In its onslaught of attacks against HB2 (the historic pro-life bill that passed the Texas legislature last summer), Planned Parenthood has consistently bemoaned the “lack of access” experienced by women in rural areas of Texas as a direct result of changes incurred by HB2 legislation. For example, provisions banning abortionists from committing abortions without possessing admitting privileges at a nearby hospital have affected border counties where sometimes no hospital will grant the abortionist such privileges.
Beginning on September 1, another provision of the legislation will go into effect requiring abortion mills to meet the safety standards of ambulatory surgical centers (ASCs). There is documented evidence that such provisions are a boon to women’s health and safety because the features of ambulatory surgical centers — like wider hallways — help to ensure that, in the event of a botched abortion, women can be better assisted by paramedic staff. In some cases, like that of Karnamaya Mongar (killed by Kermit Gosnell), these provisions are the difference between life and death.

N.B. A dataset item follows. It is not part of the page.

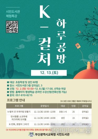 시민행정신문 기자 | 부산광역시립시민도서관(관장 이은경)은 오는 13일 시민도서관에서 초등학생과 성인 60명을 대상으로 일일 체험 특강 ‘K-컬처 하루공방’을 운영한다.

That these provisions have the potential to hurt Planned Parenthood’s bottom line is no secret; facilities that failed to seek the welfare of women in the past, when they were first constructed with fewer safety provisions than an ASC, will have to find a way to meet the new women’s health standards. Planned Parenthood has chosen to construct an entirely new facility in San Antonio which is in line with the ASC provisions that will come into effect in September. But Planned Parenthood’s choice of San Antonio is telling. If the organization is supposedly so worried about women in rural areas not having access to abortion and so -called “women’s reproductive health services,” why build a brand new, $5 million facility in a densely-populated area that already has an ASC abortion mill? Emily Horne of Texas Right to Life explained the disconnect:
Planned Parenthood always complains that there are only ASCs in five Texas cities–they’ve made such a fuss about there not being one in rural parts of the state like the Rio Grande Valley area. But then they go and build their new clinic in San Antonio, where there’s already an ASC.
The existing ASC abortion mill in San Antonio is not owned by Planned Parenthood, and chances are Planned Parenthood is seeking to compete for business in the more urban San Antonio area where the demand for abortion is likely to be much higher than in one of the sparsely populated rural areas over which Planned Parenthood feigned concern in the past.